The two main avenues are slow change through existing means and violent revolution. The latter all but guarantees an autocratic takeover if the revolutionaries don't already have a new government ready to go. Which is not something I've ever seen even touched in when people talk revolution.
Look at Project 2025. That's a fascist takeover plot that has a plan for future government. No one really takes it seriously, unfortunately since it could happen. so even fewer will take other plans seriously.
Life and Terror in Stalin's Russia is a great book that goes into this, a lot of the terror during that period was not Stalin personally going around and shooting every peasant who had more than 5 rubles to his name (during the rare moments he wasn't personally eating everyone's grain). Rather it was the people using the new system to settle old scores or for personal advancement.
The book doesn't cover the period between 1917 and 1923, or the Hundred Flowers Campaign in China, but you can see similar sentiment in transcripts and letters when Lenin, Mao, et al look at how many people had gotten into the party entirely for the purpose of abusing their positions for personal gain.
At a very general level, we can infer any socialist country is more democratic after the revolution based on the fact that the government pursues the interests of the people more than it did before the revolution.
In Cuba for instance, their last constitutional referendum had a 90% approval rating. Do you think that happened by chance, or that you are simply unaware of/trained not to recognize how the people determine the actions of the state?

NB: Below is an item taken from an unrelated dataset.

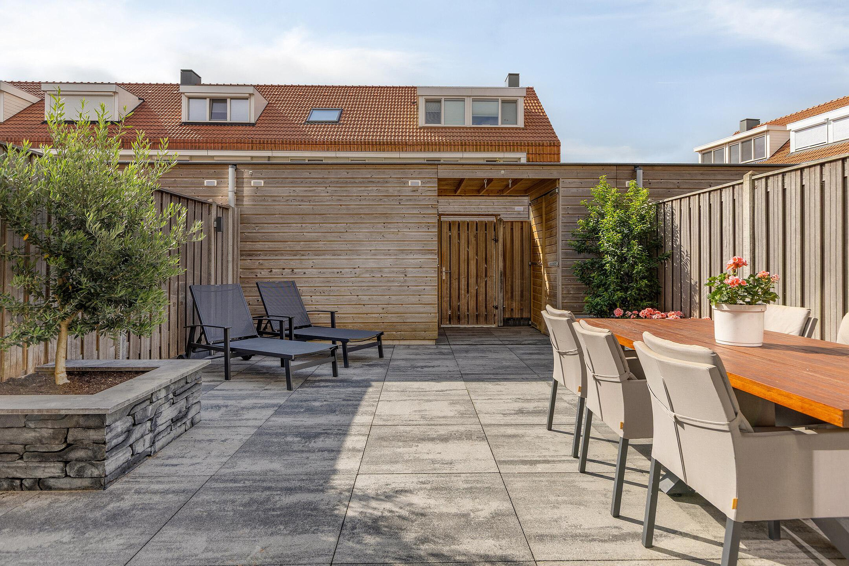 De verzorgde zonnige achtertuin is onderhoudsvrij aangelegd, voorzien van diverse plantenborders en bestraat met een groot formaat grijze tegel. De tuin beschikt over een vrijstaande houten berging met overkapping en een achterom.
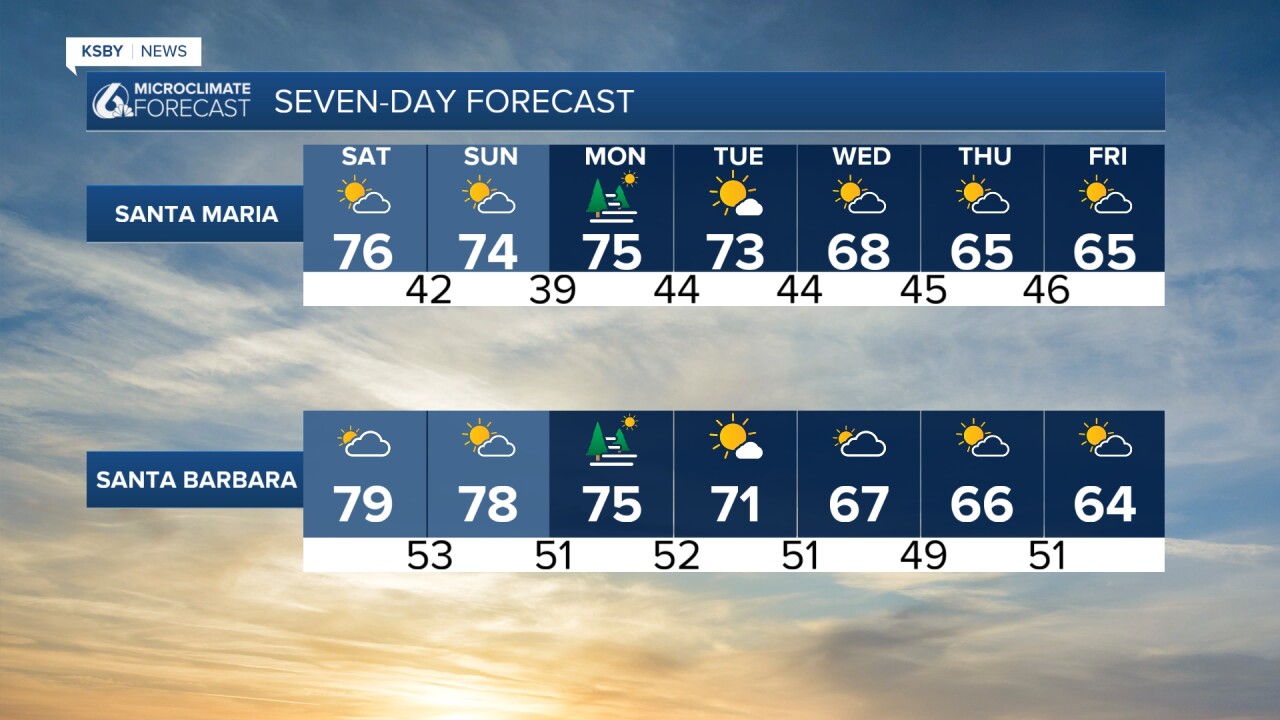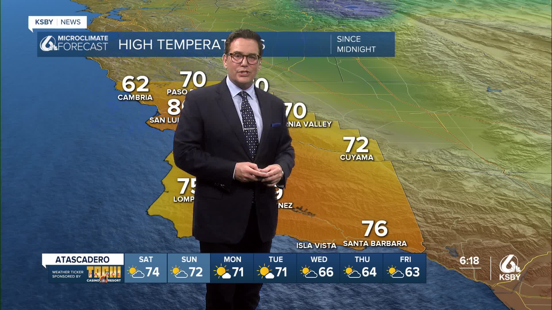 Well above average highs will continue through the weekend for inland areas, and some of the coastal areas will see low clouds and fog holding the highs down into the 60s.

How was that allowed to happen? Did they build a system of oppression that was ripe for takeover by petty tyrants, some of whom became actual, fully fledged tyrants, whilst simultaneously shutting down the mechanisms by which workers could have power over their own lives?
This isn't about whether Stalin personally gets into heaven, plus the absurd strawman that people think he did anything personally shows a complete lack of systemic thinking, which was ironically one of Marx's great contributions to political thought. It is about whether the systems we build are liberatory or oppressive.
The State is Counterrevolutionary
this is why i like syndicalism, it's sort of a hybrid of the two resulting in a fairly fast soft and nonviolent revolution if enough people join in.
unionize, have the unions take over the businesses, stop running things for profit, bish bash bosh socialist state.
That's brilliant. I'm going to save this.
prefigurative politics!
The expectation that revolutionaries aiming for a future without hierarchy, states, or class should have a plan for exactly those ready to go is how you actually get the autocratic takeover - because you're maintaining the existing systems of power for the sake of taking comfort in the familiar (or worse - as a deliberate ploy by those presenting themselves as "in charge" to grab power).
The whole point of a revolution, from an an-com point of view anyway, is to start building something new from the bottom up, horizontally, abolishing hierarchy and power structures, not just replace the existing ones with our own.
The fact that people can't even begin to imagine a different way of living, even though our existence under kings and masters has only been a blink in human existence and civilisation, just goes to show how well the indoctrination works, but better is possible once you start unlearning constructs you've come to accept as facts.